8. The Thalidomide scandal
This particular example of the gender research gap from the 1950s changed the way medication was tested and how clinical trials were run thereafter. Thalidomide was a sedative that was often used for other purposes, including the treatment of colds and nausea in pregnancy, according to the Science Museum (opens in new tab) in London. It was developed in Germany and widely marketed in dozens of countries, but it was rejected by the FDA due to safety concerns.
Frequently used to treat morning sickness, the drug was widely used in pregnancy but later linked to serious birth defects. When Thalidomide was eventually taken off the market, an estimated 10,000 babies had been born with defects as a result of the drug, ranging from missing limbs to brain damage, according to the Thalidomide Trust (opens in new tab).
It is now used as a treatment for inflammatory diseases such as HIV and cancer, according to a 2004 review published in The Lancet (opens in new tab). It is prescribed with far more caution than in the past and never to pregnant women.
Drug testing changed as a result of the Thalidomide scandal — drug companies had to prove their drugs were suitable for pregnant women and drugs had to pass human trials before becoming available for public use, instead of going straight to market after the animal stage trial.
However, despite never being approved for use in pregnancy in the U.S. the “Shadows of Thalidomide” contributed to a lack of clinical trials involving pregnant women and women with potential to be pregnant, according to a 2022 article in Contemporary Clinical Trials (opens in new tab).
9. Diabetes medicine: Troglitazone
In 2000, the diabetes medication Troglitazone was recalled by the FDA after it was linked to an increased risk of liver failure that mostly affected women. Around 67% of the reported cases of acute liver failure that were associated with troglitazone usage occurred in women, according to an article in the American Journal of Medicine (opens in new tab). At least 24 cases of acute liver failure were reported before the drug was recalled, according to the National Institute of Diabetes and Digestive and Kidney Diseases (opens in new tab).

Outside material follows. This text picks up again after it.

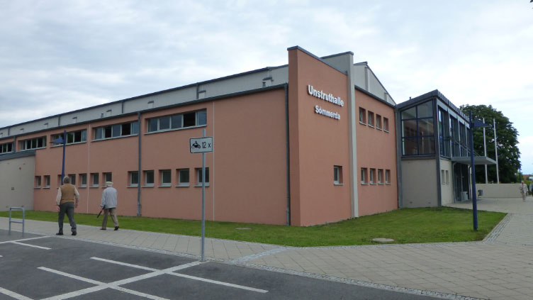 Nach dem Mittagessen im Bärenkeller ging es mit dem Bus zur Unstrut Halle nach Sömmerda. Ein buntes abwechslungsreiches Programm erfreute die zahlreich erschienenen Gäste in der festlich geschmückten Halle. Unter den Klängen des Prinz-Eugen-Marsches zogen alle Trachtenträger ein. Die Tanzgruppe Backnang eröffnete das Programm, Männerchor und Singkreis im Wechsel mit der Donauschwäbischen Tanzgruppe Mosbach und der Ungarndeutschen Tanzgruppe aus Babarc/Ungarn gestalteten den Nachmittag. Die Residenzstadtkapelle Gehren sorgte für die musikalische Unterhaltung.

Of the 89 acute cases studied by the American Journal of Medicine (opens in new tab), 58 were women and only 11 recovered without liver transplantation. The organ damage progressed rapidly, with patients going from normal liver function to irreversible liver damage within the space of a month.
10. Drug-induced arrhythmia
Some people experience life-threatening ventricular arrhythmia — with the most common type, atrial fibrillation affecting 2% to 9% of people in the U.S. according the charity Arrhythmia Alliance (opens in new tab) — when taking a combination of certain drugs, including antihistamines, antibiotics, antimalarials and antiarrhythmics. Women are more than twice as likely than men to develop these drug-induced arrhythmias, according to a 2021 article in the journal Frontiers in Physiology (opens in new tab).